Brent prices are projected to average $58 in 2015 and $75 in 2016, with West Texas Intermediate prices expected to average $3 to $4 per barrel below Brent.

“U.S. crude oil production in 2015 is expected to exceed its 2014 level, but lower crude prices will slow the growth in output,” EIA Administrator Adam Sieminski said in a statement.

Domestic crude oil production, which averaged 9.2 million barrels per day in December, is forecast to average 9.3 million bpd in 2015, growing to 9.5 million bpd in 2016, the second-highest annual average in U.S. history. U.S. annual average production peaked in 1970 at 9.6 million bpd.

U.S. crude oil production

U.S. crude oil production averaged 8.7 million bpd in 2014, and with WTI expected to average $49 per barrel in the first half of 2015, EIA said it expects “drilling activity to decline because of unattractive economic returns in some areas of both emerging and mature oil production regions.”

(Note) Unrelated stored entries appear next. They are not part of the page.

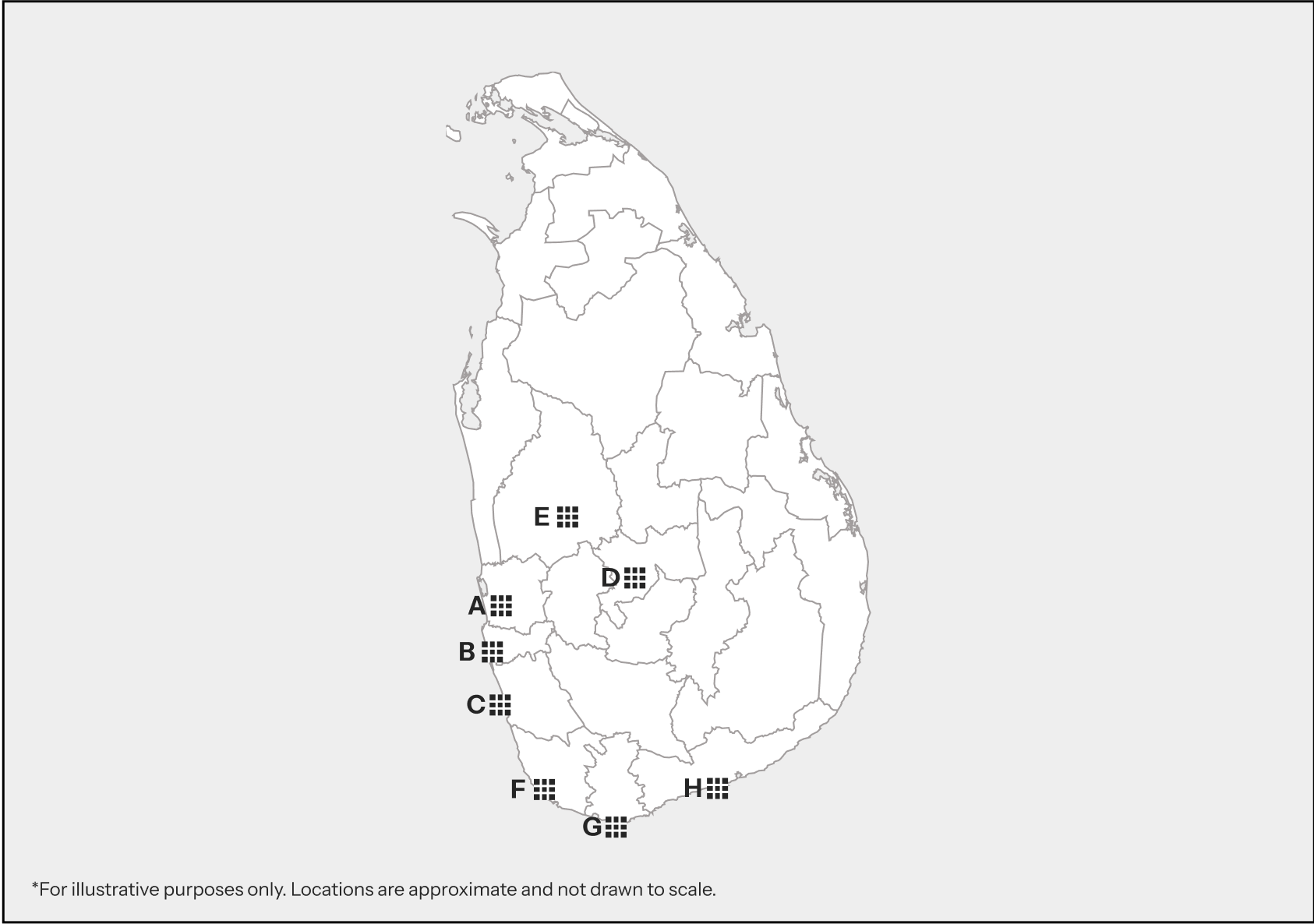 Textile Clusters- Gampaha(A), Colombo(B), Kalutara(C), Kandy(D), Kurunegala(E), Galle(F), Matara(G), Hambantota(H)
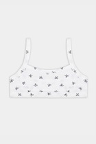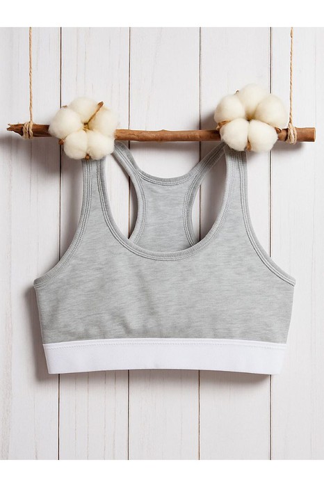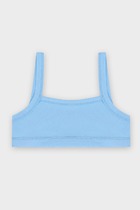 Бюстье из трикотажной кулирки. Горловина округлой формы. Спинка фигурная, как в спортивном топе. Все срезы окантованы бейкой из основного полотна. По нижнему срезу настрочена жаккардовая эластичная тесьма.
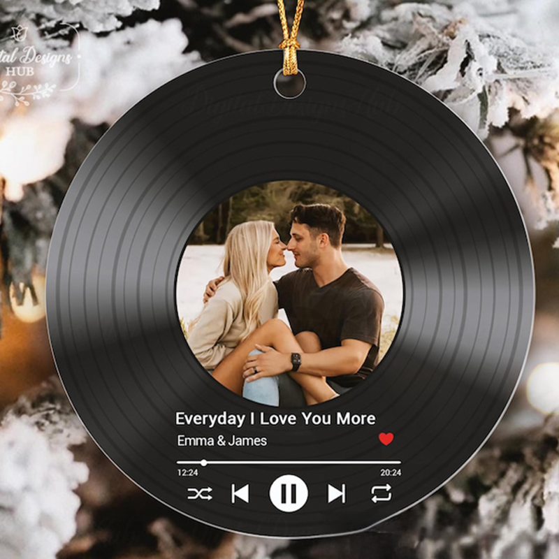 Personalized Song Photo Ornament and Couple Vinyl Record Christmas Ornament and Personalized Couple Song Photo Ornament and Couple Xmas Keepsake
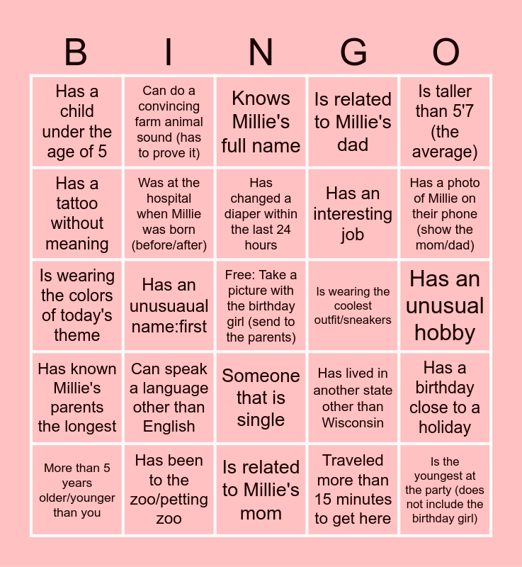 This bingo card has a free space and 24 words: Can speak a language other than English, Has been to the zoo/petting zoo, Has changed a diaper within the last 24 hours, More than 5 years older/younger than you, Is taller than 5'7 (the average), Has a child under the age of 5, Has a tattoo without meaning, Can do a convincing farm animal sound (has to prove it), Is wearing the coolest outfit/sneakers, Someone that is single, Has an interesting job, Is wearing the colors of today's theme, Has lived in another state other than Wisconsin, Has a birthday close to a holiday, Was at the hospital when Millie was born (before/after), Traveled more than 15 minutes to get here, Has an unusual hobby, Knows Millie's full name, Has a photo of Millie on their phone (show the mom/dad), Has an unusuaual name:first, Is the youngest at the party (does not include the birthday girl), Has known Millie's parents the longest, Is related to Millie's dad and Is related to Millie's mom.

“Many oil companies have cut back on their exploration drilling in response to falling crude prices and will concentrate their drilling activities in established areas that already have productive wells,” Sieminski said.

The agency said it expects prices to remain high enough in 2015 to support some development drilling in the Bakken, Eagle Ford, Niobrara and Permian, but at lower levels than previously forecast.

The agency expects 2015 production to reach 9.4 million bpd in the second quarter and then decline by some 190,000 bpd in the third quarter.

WTI crude oil prices are projected to rise in the second half of 2015, and with that rise drilling activity is also expected to increase with companies taking advantage of lower costs for acreage and drilling services, “causing production to resume rising at a relatively low WTI crude oil price.”

Production from the federal offshore, on increase, and Alaska, on decline, is “less sensitive to short-term price movements” than production onshore in the Lower 48, EIA said.

The agency warned that its forecast is sensitive to wellhead prices and varying costs across regions and operators.

Global issues

North Sea Brent crude oil spot prices averaged $62 a barrel in December, the lowest monthly Brent average since May 2009. EIA said a combination of “robust world crude oil supply growth” and weak demand has contributed to rising inventories and falling prices.

The growth in global petroleum and other liquids consumption was 900,000 bpd, averaging 91.4 million bpd in 2014, a consumption growth less than half of the increase in production over the same period.

Production from the Organization of the Petroleum Exporting Countries averaged 29.9 million bpd in 2014, down slightly from 2013, while non-OPEC production was up 2 million bpd, averaging 56.2 million bpd for the year.

EIA said non-OPEC supply growth is expected to slow over the next two years because of lower projected oil prices.

Natural Gas

Natural gas prices remain relatively low, “reflecting abundant supplies,” EIA said.

U.S. natural gas consumption is projected to increase to an average of 73.8 billion cubic feet per day in 2015 and 74.8 bcf per day in 2016, compared with an estimated 73.6 bcf per day in 2014.

A growth in marketed natural gas production is expected to continue through 2015 and 2016, the agency said, with strong growth in the Lower 48 offsetting declining Gulf of Mexico production.

The Henry Hub natural gas spot price averaged $3.48 per million Btu in December, down 64 cents from November, and EIA said it expects monthly average spot prices to remain less than $4 per million Btu until the fourth quarter of 2016, with projected averages of $3.44 in 2015 and $3.86 in 2016.

The agency said that although natural gas prices are down, it expects that increases in drilling efficiency and growth in oil production will continue to support growing natural gas production. There is also a backlog of drilled but uncompleted wells which will continue to support production growth as new pipeline infrastructure becomes available in the Northeast.

The growth in domestic natural gas production is expected to reduce imports from Canada and increase exports to Mexico, particularly from the Eagle Ford in South Texas, EIA said.